One thought on “Le poids de deux casquettes

  1. L’incroyable héritage de Kabila ou le fardeau de Tshisekedi
    Le porte-parole de la Majorité Parlementaire de Kabila demande au Président Tshisekedi de sauvegarder les acquis laissés par Kabila. Lesquels? Si ce n’est de l’humour déplacé ou du cynisme, ces acquis se comptent plutôt en matière d’abus de pouvoir, d’instrumentalisation de la justice et de l’insécurité individuelle et nationale. Depuis que Tshisekedi est au pouvoir, les Congolais s’expriment sans crainte de voir poindre les fusils et les agents de l’ANR, de la police ou des FARDC. Aussi assistons-nous au dévoilement aujourd’hui des pratiques kabilistes généralisées et inhumaines d’intimider et de laisser des employés sans salaires durant des mois. À Beni, les policiers ont dû user de leurs armes pour se voir payer deux mois d’arriérés; il y a d’autres groupes de citoyens congolais à travers le pays qui sont en attente de leur dû, imaginez 227 mois à la SNCC à Lubumbashi!
    Sous Kabila, ceux qui devaient servir le peuple congolais se sont servis eux-mêmes en s’érigeant en petits princes pour s’emparer des pans des richesses nationales et du territoire national, des nationaux comme des étrangers, sous l’œil bienveillant de leur autorité morale. La jungle a supplanté l’État de droit.
    La tâche du nouveau Président est colossale et les attentes du peuple congolais sont multiples. Le porte-parole du FCC, Atundu, affirme que «Kabila a laissé le pays en état de parfaite gouvernabilité». De telles déclarations relèvent de l’effronterie et insultent notre intelligence. La culture de l’excellence n’est sûrement pas de ce côté-là. Les cinq chantiers et la révolution de la modernité appartiennent à la mythologie kabiliste. Tshisekedi doit se battre vigoureusement pour rétablir le niveau décent qu’avait le Congo sur le plan de la qualité des ressources humaines et des infrastructures en matière de santé publique, d’éducation nationale. Il doit renforcer la cohésion nationale en bâtissant un réseau routier transnational, contrairement à l’actuel réseau en déroute partout à travers le pays. Les provincettes érigées sur un fond tribal n’aident pas à forger le patriotisme fort, hérité de l’ère mobutiste où les fonctionnaires de l’État pouvaient se sentir à l’aise dans n’importe quel coin du pays.
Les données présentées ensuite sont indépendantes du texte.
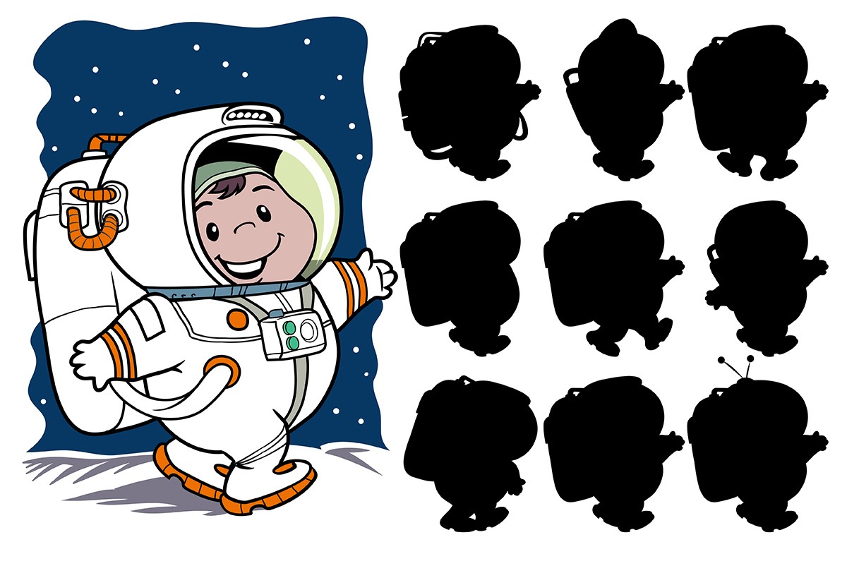 Ktorý tieň patrí kozmonautovi či zvieratku?
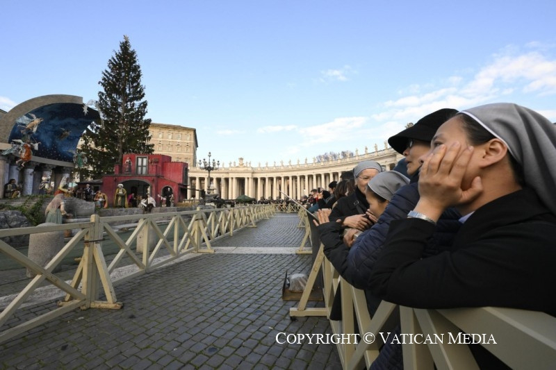 Kedves barátaim, Isten Fiának születése közöttünk Isten gyermekeinek életére hív bennünket: ezt olyan vonzerővel teszi lehetővé, amelyet Betlehem éjszakájától kezdve megtapasztaltak az olyan alázatos emberek, mint Mária, József és a pásztorok. De

    Nous nous devons d’épauler l’actuel Président pour mettre fin au prix funeste payé par la Nation durant cette période d’asservissement économique et humain sous Kabila. Aucun pays ici-bas n’est exempt des problèmes socio-économiques; les Gilets jaunes en France en font foi. Unissons nos forces pour le même combat et la même cause qui ont mené à l’alternance politique. Tout en ne niant pas nos origines ethniques, donnons-nous la main pour reconstruire, avec le nouveau Président Tshisekedi, l’amour entre Congolais pour le bien-être collectif et pour conjurer la haine et la confiscation du potentiel socio-économique et culturel du pays par une poignée de «malfrats» politiques sans conscience ni état d’âme.
    La Majorité Démocratique de Kabila n’est pas une bande en débandade. Tshisekedi doit garder l’œil bien ouvert pour bien assurer la sécurité nationale et sa propre sécurité. Qu’il trouve, avec Fayulu qui n’a pas démérité de la République, un terrain de concertations continues , un terrain aussi bien formel, à travers leurs députés nationaux et provinciaux, qu’informel parce que ces deux chevaliers fréquentent la même église et qu’ils sont capables de trouver des solutions à coups de prières et non par des manifestations de divergence sur la place publique pour le bien suprême des populations congolaises et de la Nation toute entière. Les gestes posés jusqu’ici par Tshisekedi depuis sa prestation de serment montrent qu’il est bien sur les traces de la démocratie et du progrès social pour l’instauration d’un État de droit.